Exercise: What is needed is an exact transcription of the listing, with the images removed.

Data segment:
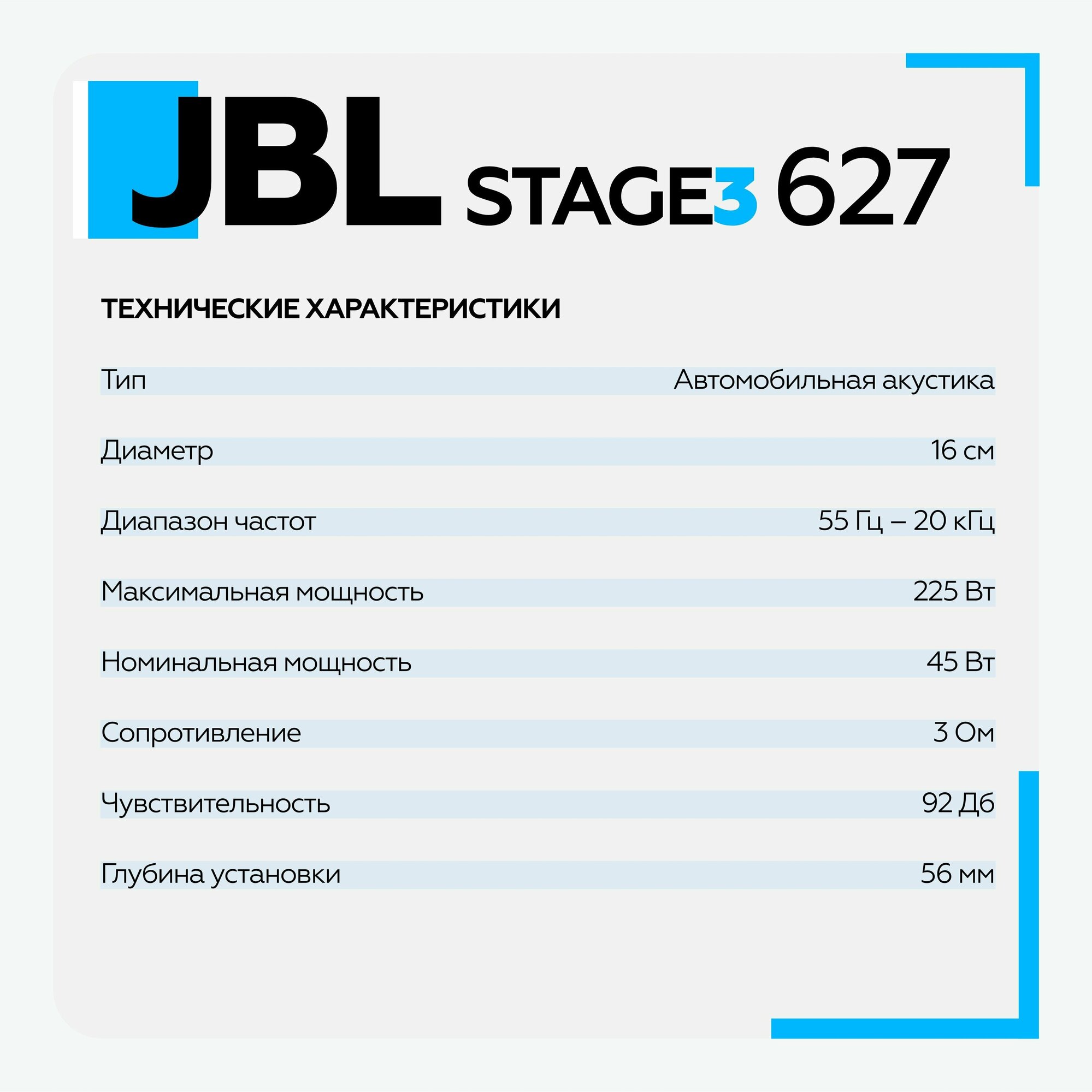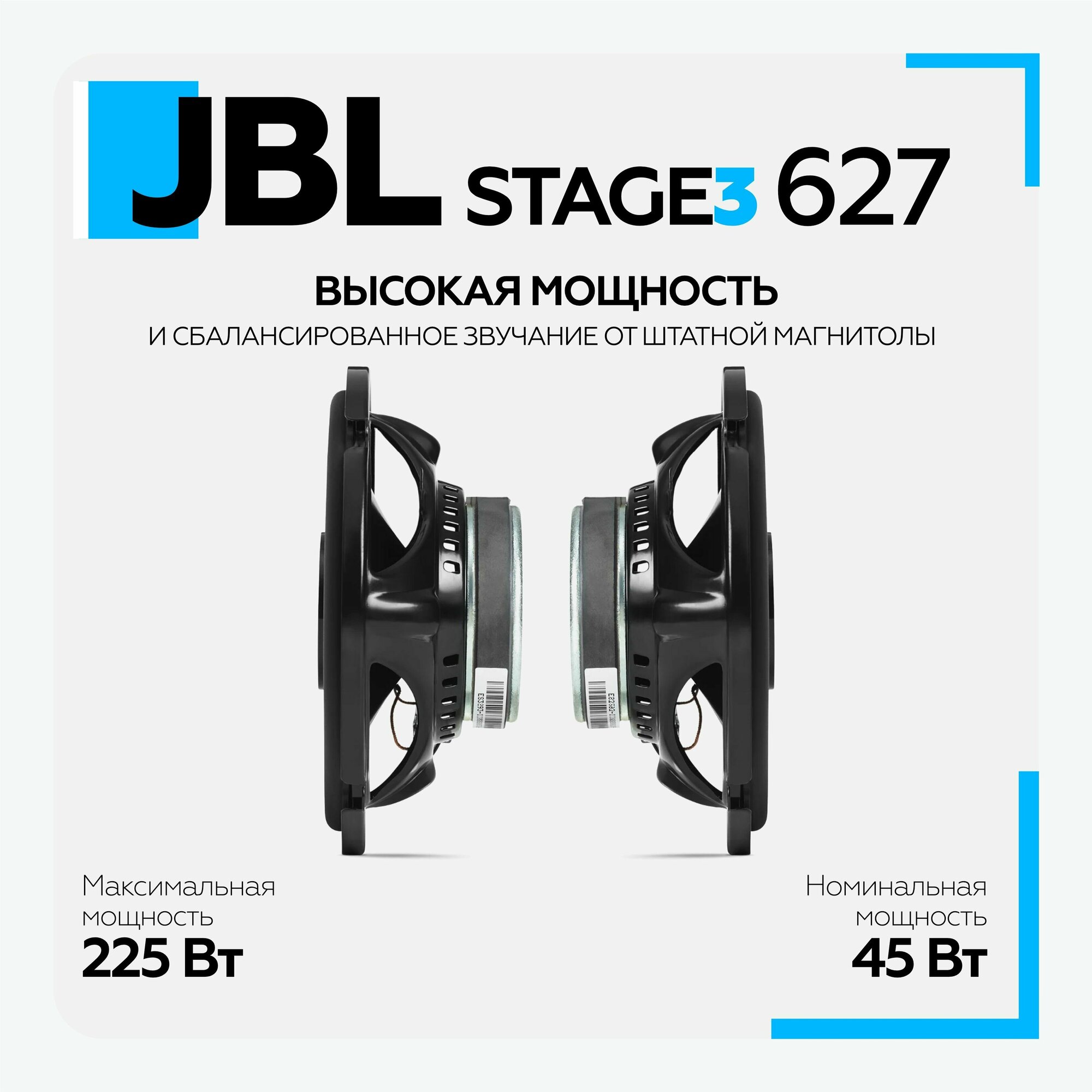 Колонки автомобильные JBL Stage3 627, 16 см (6.5 дюйм.), комплект 2 шт.
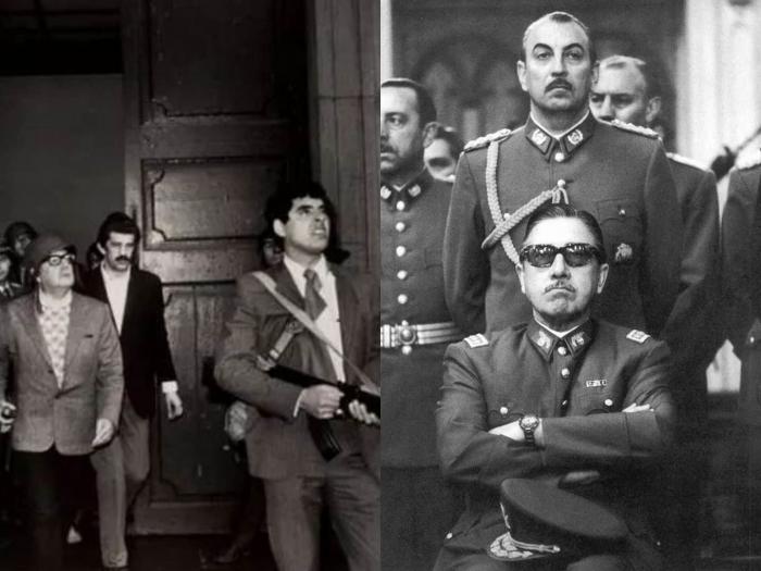 民选总统阿连德(左图左一);美国支持的皮诺切特(右图中)。
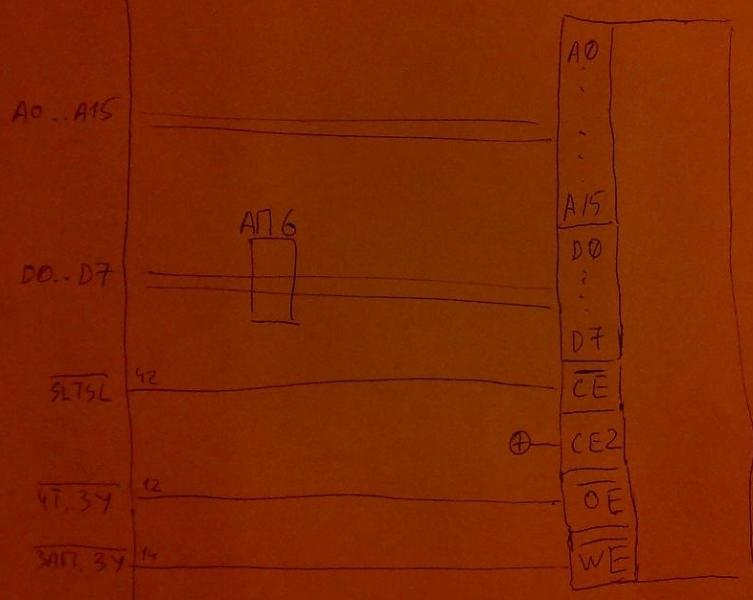 DemonId7, ты можешь попытаться подрубить SRAMину? Тогда посмотри в теме про квазидиск схему Micka. Оттуда можно все убрать и оставить 2 вещи: SRAM, лучше на 64 Кб (тогда тест пойдет почти без переделок), но, в крайнем случае, можно и на 32 или даже 16, и АП6. На /CS SRAMа подавать /SLTSL (у Micka он почему-то написан без /, хотя в доках у этого сигнала низкий активный уровень)

Reply to the exercise:
 Колонки автомобильные JBL Stage3 627, 16 см (6.5 дюйм.), комплект 2 шт.
 民选总统阿连德(左图左一);美国支持的皮诺切特(右图中)。
 DemonId7, ты можешь попытаться подрубить SRAMину? Тогда посмотри в теме про квазидиск схему Micka. Оттуда можно все убрать и оставить 2 вещи: SRAM, лучше на 64 Кб (тогда тест пойдет почти без переделок), но, в крайнем случае, можно и на 32 или даже 16, и АП6. На /CS SRAMа подавать /SLTSL (у Micka он почему-то написан без /, хотя в доках у этого сигнала низкий активный уровень)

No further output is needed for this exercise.